### Collected material
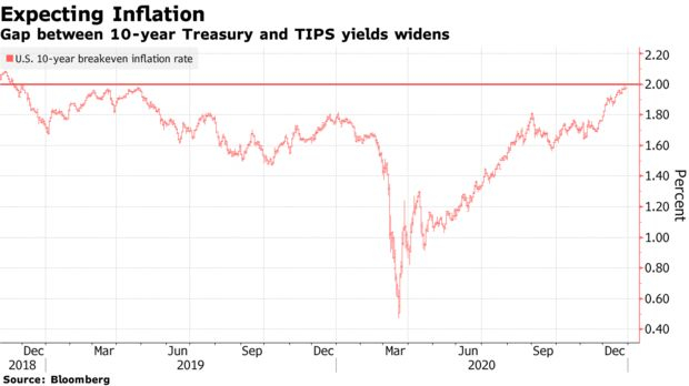 在2020年仅剩下最后几天的时刻,一项通胀指标在隔夜引起了业内人士的注意:债券投资者两年来第一次押注美国未来十年的通货膨胀率年均将接近2%。
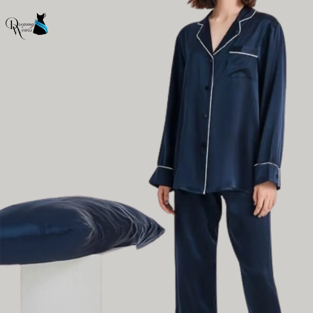 Give her a touch of luxury with our navy blue silk pajama set. This gorgeous set is made from high-quality silk fabric, ensuring both comfort and style.
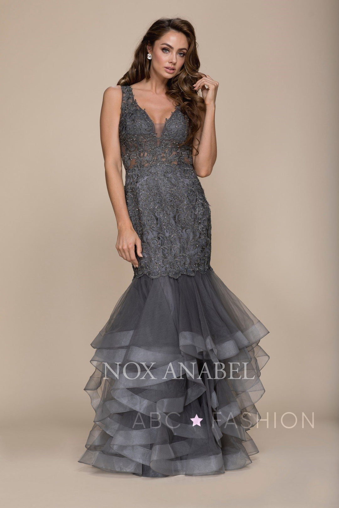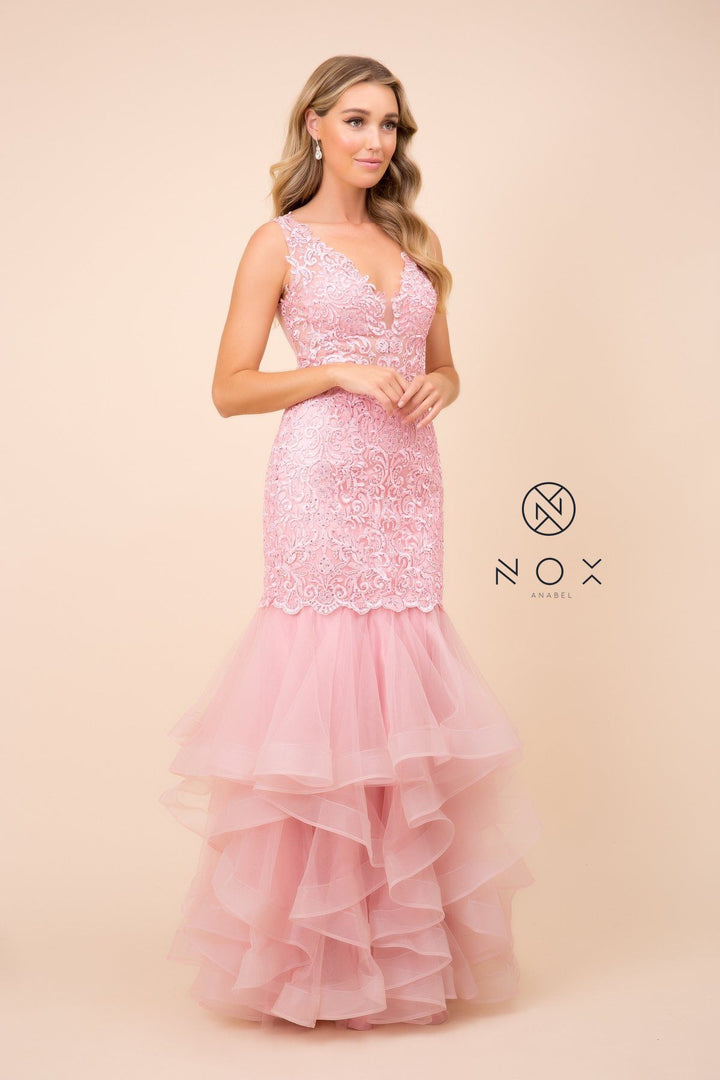 Look red carpet ready in this beaded lace ruffled mermaid gown by Nox Anabel A059. This evening dress features a deep V-neckline secured with a sheer inset panel, beautiful beaded lace bodice, embellished sheer back, full length mermaid tulle skirt with a ruffled hemline, and a zipper closure. Perfect for any formal event!

### Instructions for the task
Set down the entire material verbatim, with each picture left out.

### Result for this task
 在2020年仅剩下最后几天的时刻,一项通胀指标在隔夜引起了业内人士的注意:债券投资者两年来第一次押注美国未来十年的通货膨胀率年均将接近2%。
 Give her a touch of luxury with our navy blue silk pajama set. This gorgeous set is made from high-quality silk fabric, ensuring both comfort and style.
 Look red carpet ready in this beaded lace ruffled mermaid gown by Nox Anabel A059. This evening dress features a deep V-neckline secured with a sheer inset panel, beautiful beaded lace bodice, embellished sheer back, full length mermaid tulle skirt with a ruffled hemline, and a zipper closure. Perfect for any formal event!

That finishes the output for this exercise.